The former Compton Gamma-ray Observatory (CGRO) was another one of NASA's four Great Observatories. It operated from 1991-2000. It had four instruments that, among them, covered the energy range 30 keV to 30 GeV, and discovered many new sources. It was not possible to focus at these energies, so source positions were determined by a variety of indirect techniques. Although the location and nature of most of the persistent gamma-ray sources emitting above 100 MeV remained uncertain, CGRO played an important role in resolving the long-standing mystery of the celestial gamma-ray bursts. In 2004, the Swift mission began operating. It autonomously slews to the position of gamma-ray busrts and studies them with a multiwavelength suite of instruments. In 2009, the successor to CGRO, the Fermi Gamma-ray Space Telescope, was launched. With unprecedented sensitivity, it has discovered GeV emission from more than 3000 Galactic and extragalactic sources, including new classes.

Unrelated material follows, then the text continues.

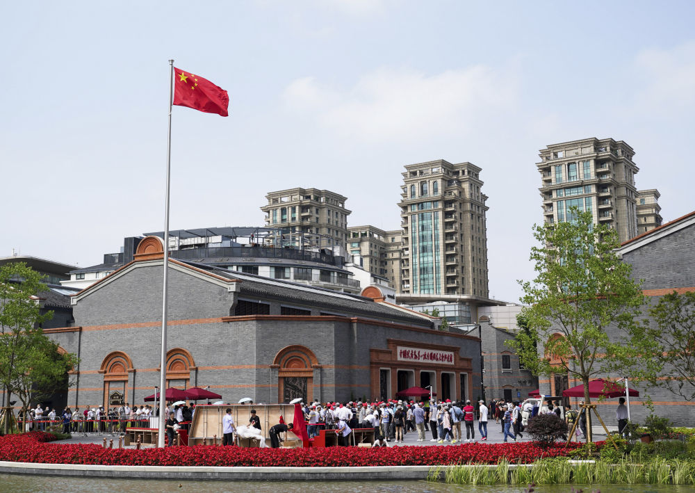 △观众排队进入位于上海的中共一大纪念馆参观(2021年6月12日摄)。

At very high energy (VHE), greater than 300 GeV, it surprisingly becomes possible (and necessary) to use telescopes on the ground. Such high-energy gamma-rays are not detected directly, but when the gamma-ray strikes the upper atmosphere, it makes an extensive shower of particles moving at greater than the speed of light in air, and these emit a flash of blue light (Cherenkov radiation). The newest arrays of ground-based telescopes to detect sources of TeV (1012 eV) gamma-rays are H.E.S.S. (High Energy Stereoscopic System) in Namibia and VERITAS (Very Energetic Radiation Imaging Telescope Array System), in Arizona. Approximately 176 TeV sources of various types have been discovered by these telescopes in recent years.

3. Radio Observatories

Although radio waves are certainly not high-energy radiation, they are often emitted by high-energy electrons that are produced by the same cosmic accelerators that that are responsible for the X-ray and gamma-ray sources that we will be studying. Indeed, radio telescopes were responsible for the discovery of many of these classes of objects. So radio astronomy is naturally a part of high-energy astrophysics. The birth of radio astronomy is generally attributed to Karl Jansky's 1933 discovery of radio emission from the Milky Way. The first systematic survey of the radio sky was made by Grote Reber.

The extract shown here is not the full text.